Current Job Market
The US job market is currently robust, with the unemployment rate sitting at a record low of 3.5% and unprecedented job growth over the past two years. But fears of a recession, which could come in 2023 or 2024, still loom over the US.
With all this in mind, the next few months may be the ideal time to negotiate a raise with your employer – or if they won’t bite, to find one who will.
Job Switching as a Strategy
New data shows that the best way to get a raise is to get back into the job market and negotiate a higher starting salary.
According to data from the Atlanta Federal Reserve, job hoppers experienced 7.7% wage growth year-over-year as of last November, compared to just 5.5% for employees who stayed put.
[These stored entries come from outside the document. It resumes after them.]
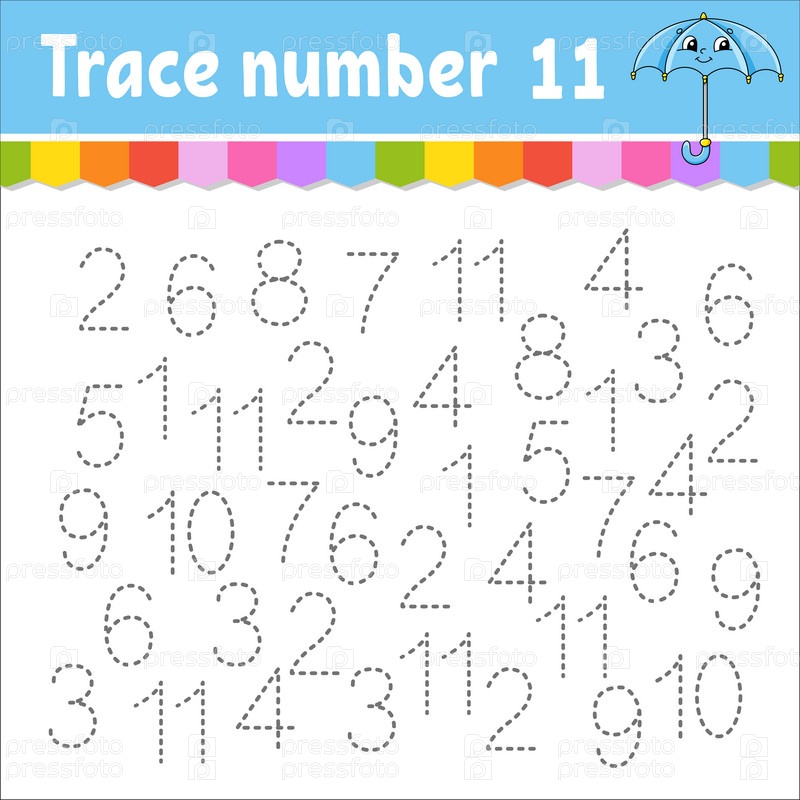 Номер трассировки. Практика письма. Изучение цифр для детей. Развивающий рабочий лист для обучения. Страница с заданиями. Векторная иллюстрация
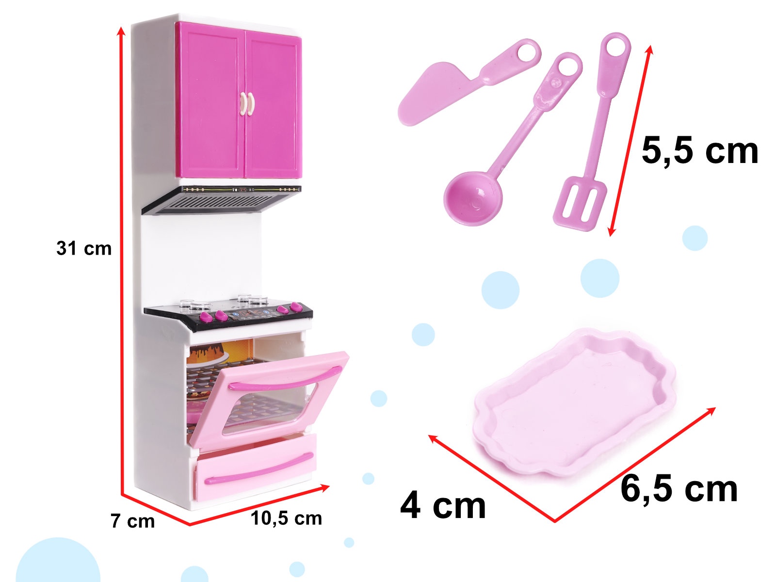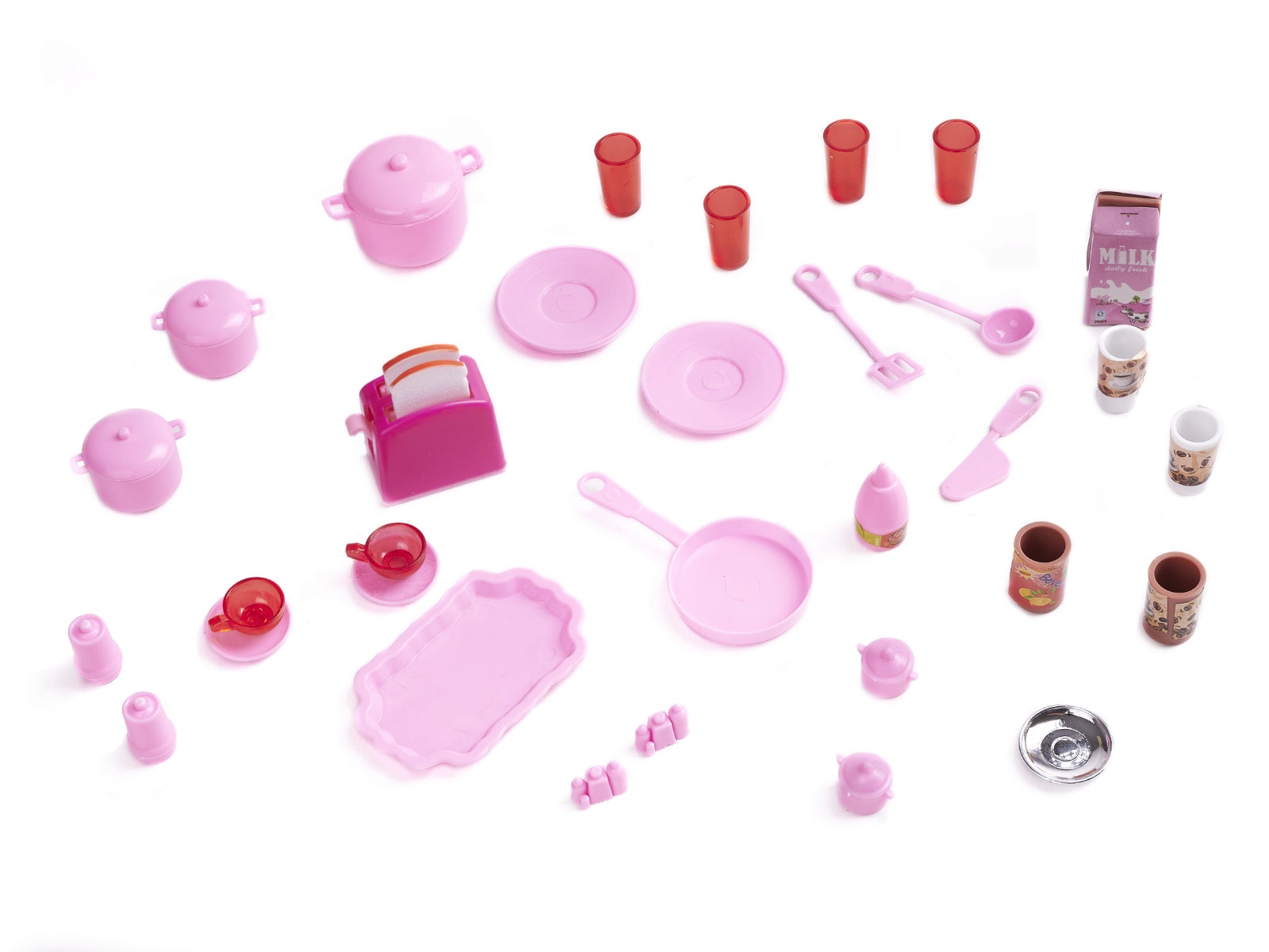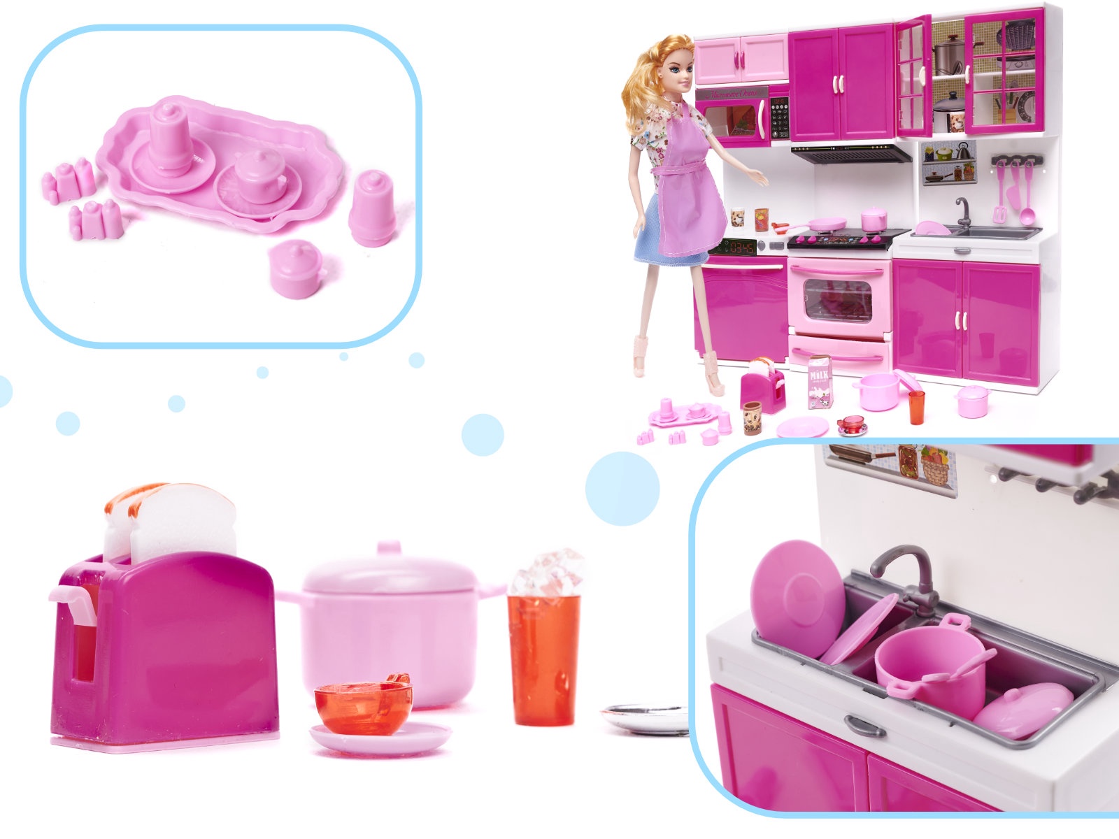 • Komplekte Lėlė, virtuvės įranga, priedai
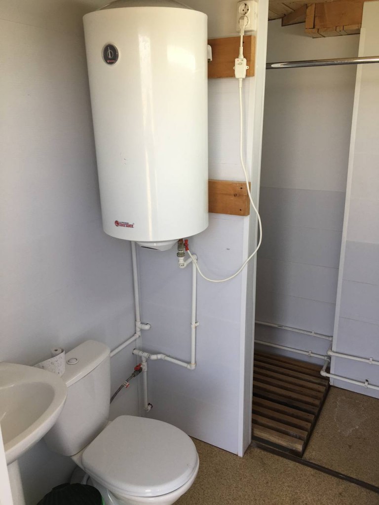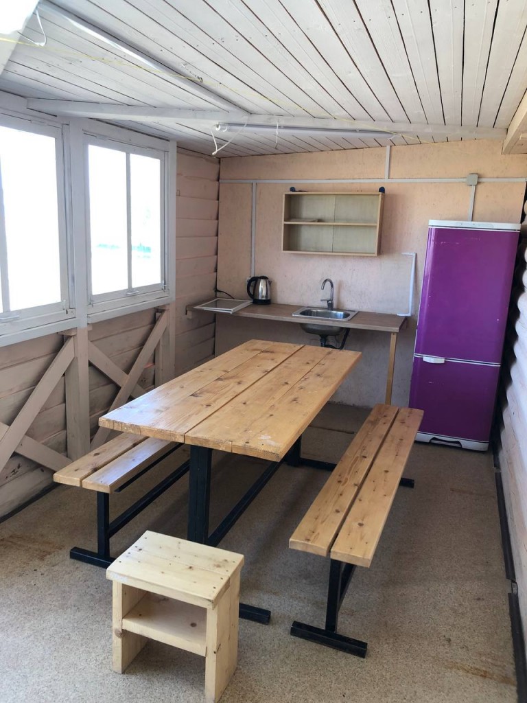 В домике - электричество, холодильник, чайник, собственный туалет и горячий душ. Рядом установлен мангал.
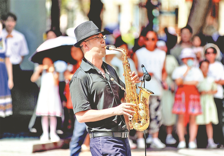 日前,哈爾濱市道里區(qū)中央大街與紅專街交口處,多位藝術(shù)家現(xiàn)場為人們表演,吸引許多游客圍觀。琵琶、薩克斯、手風(fēng)琴等樂器演奏的經(jīng)典樂曲,博得人們陣陣掌聲。美妙的旋律回蕩在街道上空,為百年老街增添了更多的藝術(shù)魅力。
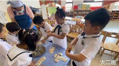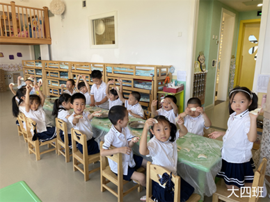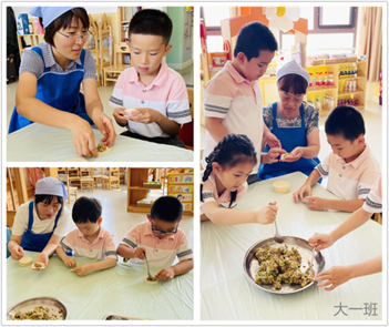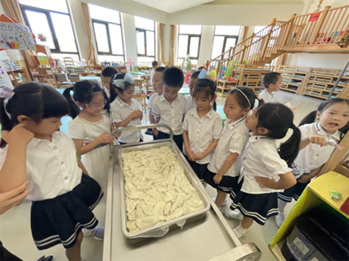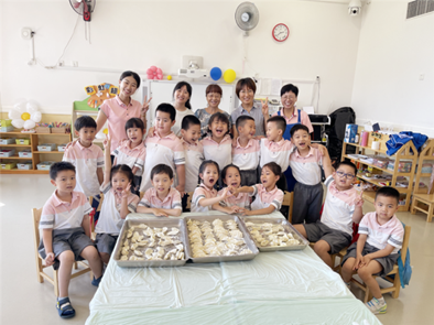 拿皮、放馅、对折、捏口……灵巧的小手包出了一个个毕业饺子,象征着团圆和美满。吃到自己亲手包的饺子,用舌尖留住童年的味道!
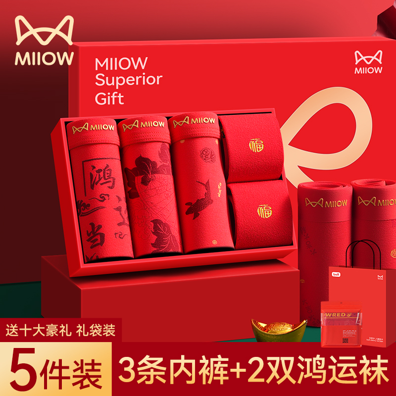 纯棉四角平角短裤 2025蛇年男款 头结婚礼物 本命年红色内裤 猫人男士
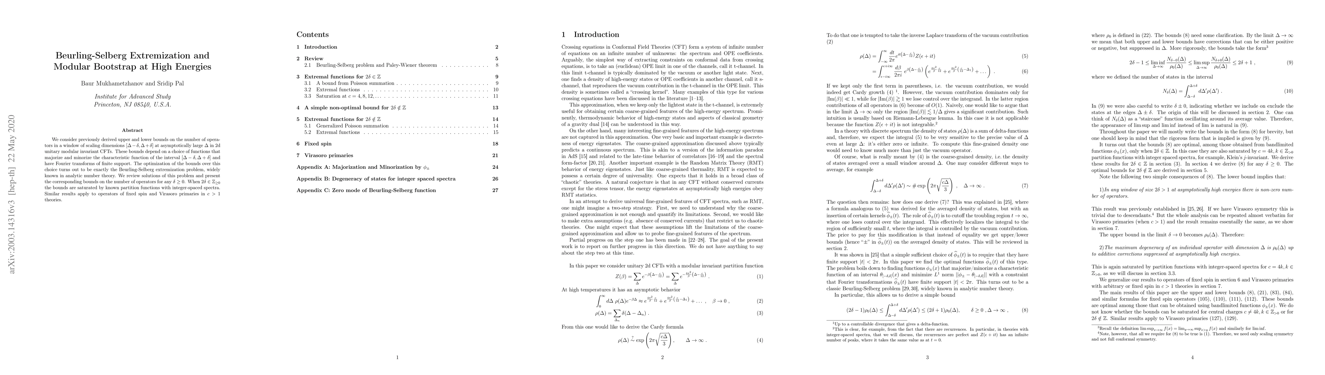 Researchers solved the Beurling-Selberg extremization problem to set bounds on the number of operators in 2D CFTs at high energies, revealing new insights into modular invariance and partition functions.
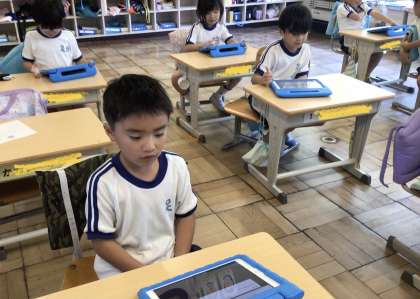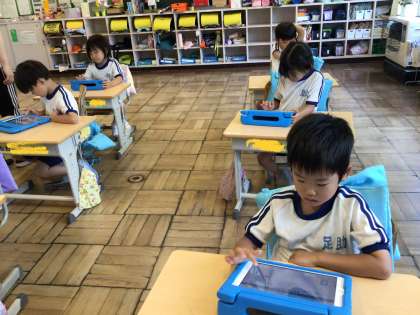 6月19日(水)、1年生も、ICT支援員さんと一緒にタブレットの学習です。自分の名前を入れています。
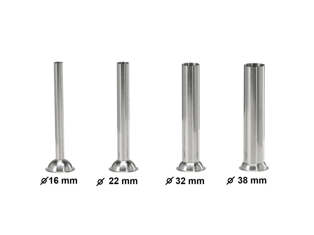 4 nástavce: 16 mm, 22 mm, 32 mm, 38 mm – vhodné pro různé druhy klobás
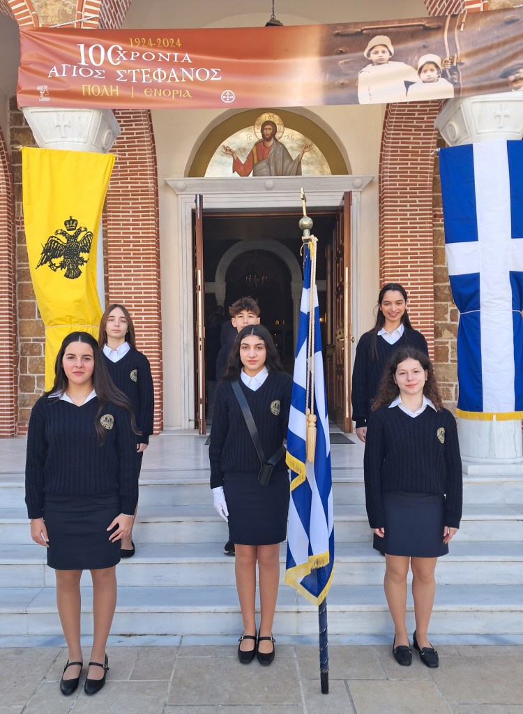 Τη Δευτέρα 25 Μαρτίου 2024 το Α’ Αρσάκειο-Τοσίτσειο Γυμνάσιο Εκάλης συμμετείχε στις εορταστικές εκδηλώσεις που διοργάνωσε ο Δήμος Διονύσου τιμώντας την εθνική επέτειο της 25ης Μαρτίου 1821 και τον Ευαγγελισμό της Θεοτόκου. Συγκεκριμένα, οι μαθητές μας παρευρέθηκαν στη Δοξολογία στον Iερό Nαό Κοιμήσεως Θεοτόκου Αγίου Στεφάνου. Ακολούθησαν η επιμνημόσυνη δέηση στο Μνημείο Πεσόντων, η εκφώνηση του πανηγυρικού της ημέρας από τη Δήμαρχο Διονύσου και η κατάθεση στεφάνων από επισήμους, κοινωνικούς και πολιτικούς φορείς, συλλόγους και μαθητές. Τέλος, οι μαθητές παρήλασαν στην κεντρική οδό του Αγίου Στεφάνου (οδός Ηρώων Πολυτεχνείου) και καταχειροκροτήθηκαν από όλους όσοι παρευρέθηκαν. Τους μαθητές μας προετοίμασαν και συνοδεύσαν οι καθηγητές Φυσικής Αγωγής κ. Η. Πάζα και κ. Λ. Παπαναστασίου.
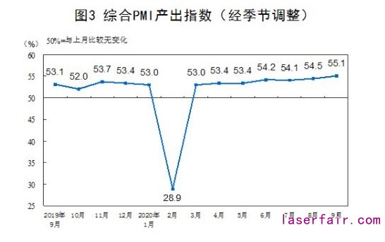 9月份,綜合PMI產(chan) 出指數為(wei) 55.1%,比上月上升0.6個(ge) 百分點,表明我國企業(ye) 生產(chan) 經營活動有所加快。

Assuming a salary of $60,000, this means you could make an extra $1,320 by switching employers as opposed to asking your current employer.
Additionally, with annual inflation rates currently over 7%, it’s important to remember that a yearly raise of any amount less than 7% would actually amount to a pay decrease.
Another reason to consider getting back on the job hunt is that new pay transparency laws require employers in certain areas to disclose their pay range for advertised positions. If potential employers operate in these markets – which currently include California, Colorado, Washington, and New York City – it will be easier for you to know exactly how much more money you stand to make by making a change.
But remember, switching employers is always a calculated risk. While it’s easier now to be sure about salary, it’s harder to predict how you’ll respond to new responsibilities or work environments. A different strategy would be to conduct interviews, get an offer, then use it as a benchmark for negotiations with your existing employer.
At the end of the day, like so many financial decisions, it all comes down to your skillset, risk tolerance, and (above all) personal preference.